Author: Dieter Buerssner
Date: 12:08:17 05/02/05
Go up one level in this thread
On May 02, 2005 at 02:26:42, Gerd Isenberg wrote:
Hi Gerd,
>yes, mul has become incredible fast on amd64 - except 16-bit mul no more vector
>path and 3/5 cycles for 32/64-bit multiplication. I wonder whether Matt Taylor'S
>folding trick pays off for AMD64 or whether the pure 64-bit de Bruijn
>multiplication is faster. The folding trick works fine, if the bitboard is kept
>in 32-bit manner in two 32-bit registers. Bitboard inside one 64-bit register
>requires the shift right by 32.
Both routines look very fast on 64 bit. But wouldn't the bitscan upcode (I
forgot the name for the moment - bsr?) be even faster? No dirty tricks needed
anymore or branches. Needs just 1 register (when the bb can be destroyed)? I am
aware, that MSVC will not support inline assembly anymore, but the intrinsic
should do it at least as efficiently?
>http://supertech.csail.mit.edu/papers/debruijn.pdf
>int bitScan(BitBoard bb)
>{
> bb &= -bb;
1 mov, 1 neg, 1 and
> return lookUp[(bb * deBruijn64) >> (64-6)]; // range is 0..63
without the table lookup: 1 64 bit mul, 1 shift.
>}
>
>int bitScan(BitBoard bb)
>{
> bb ^= (bb - 1);
1 mov, 1 dec, 1 xor
> unsigned int foldedLSB = ((int) bb) ^ ((int)(bb>>32));
1 mov 1 shift, 1 xor, also one operation for the casts? Or can you just use eax
from former rax? Wasn't there some small penalty on 32 bit for doing so?

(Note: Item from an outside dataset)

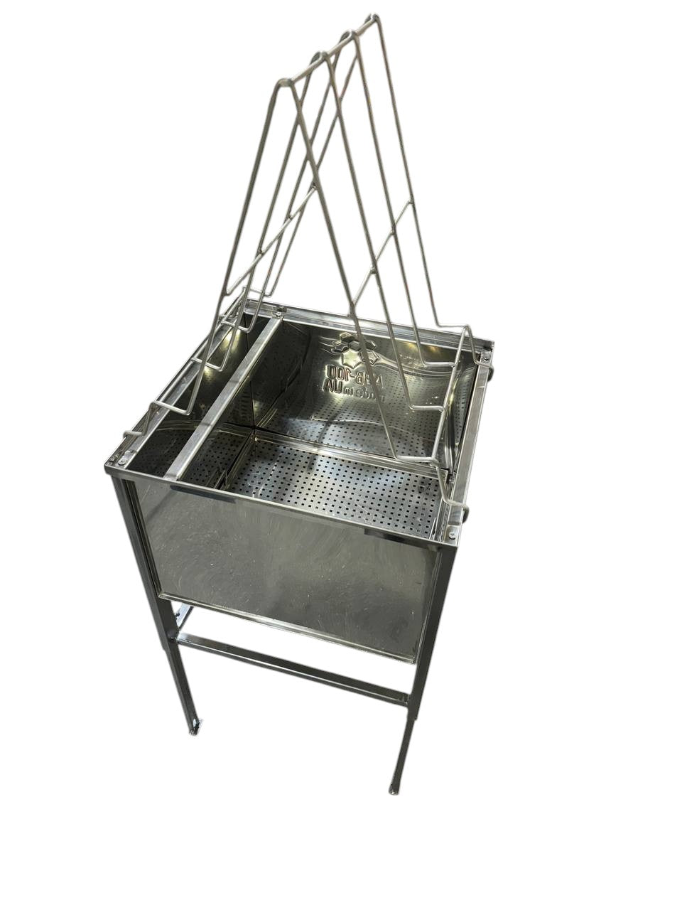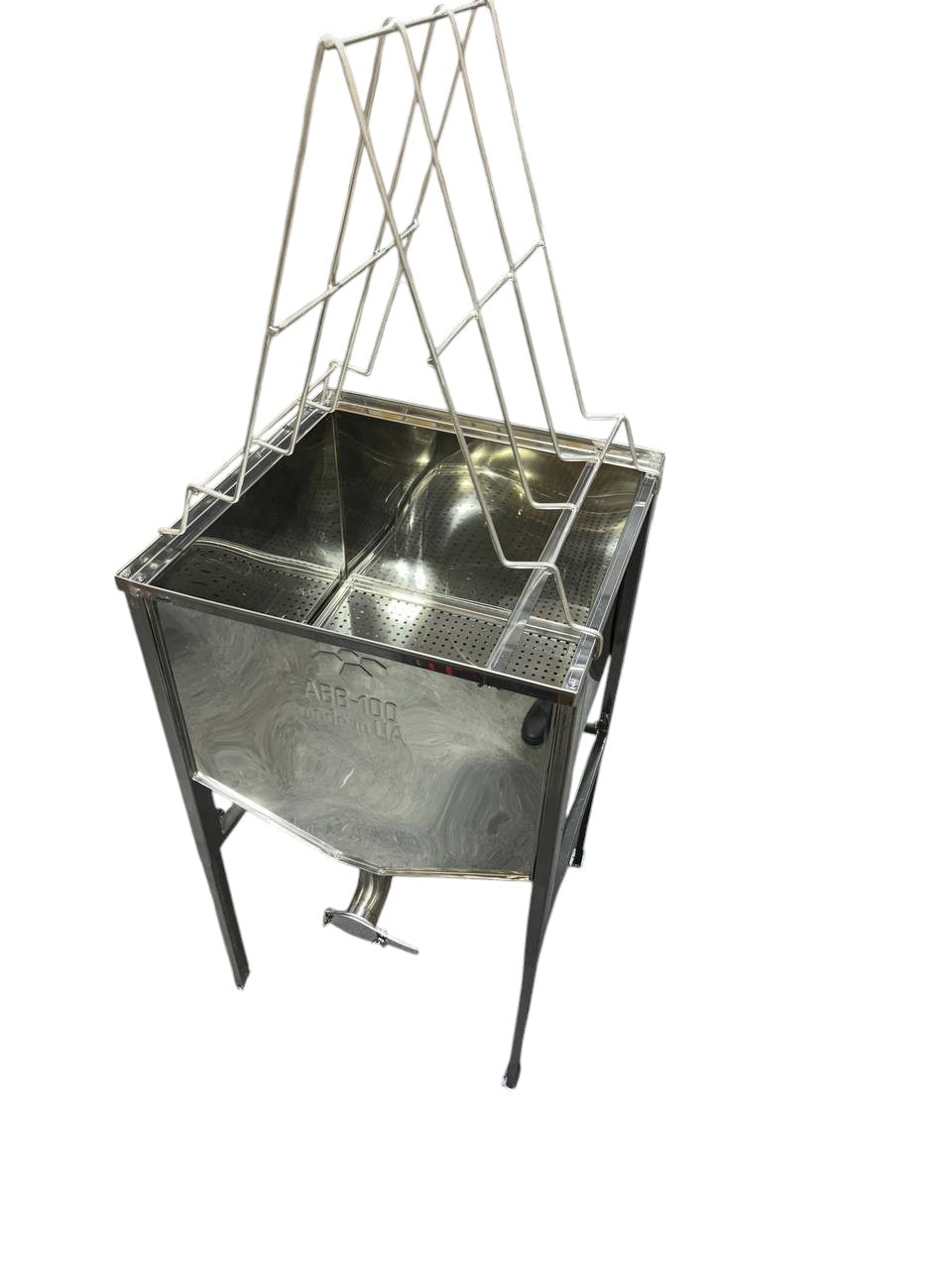 Der Wabenentdeckelungstisch mit 0,5 m Breite ist eine kompakte, professionelle Lösung für das saubere und effiziente Entdeckeln von Honigwaben. Die überarbeitete Version verfügt über klappbare Teleskopbeine sowie eine montierte Edelstahl-Rähmchenhalterung, die eine sichere Fixierung der Rähmchen ermöglicht.

I would cast to unsigned int (or long, when 16 bit compiler compability is
wanted) - but it won't matter on typical hardware.
> return lookUp[(foldedLSB * 0x78291ACF) >> (32-6)]; // range is 0..63
1 64 bit mul, 1 shift. Mov of the constant to some register not counted (one
could use a global, as above - or above might be const, then C++ compilers often
will not store the data anywhere).
>}
1 shift and mov operation more, 32 vs 64 bit mul, other operations about equal.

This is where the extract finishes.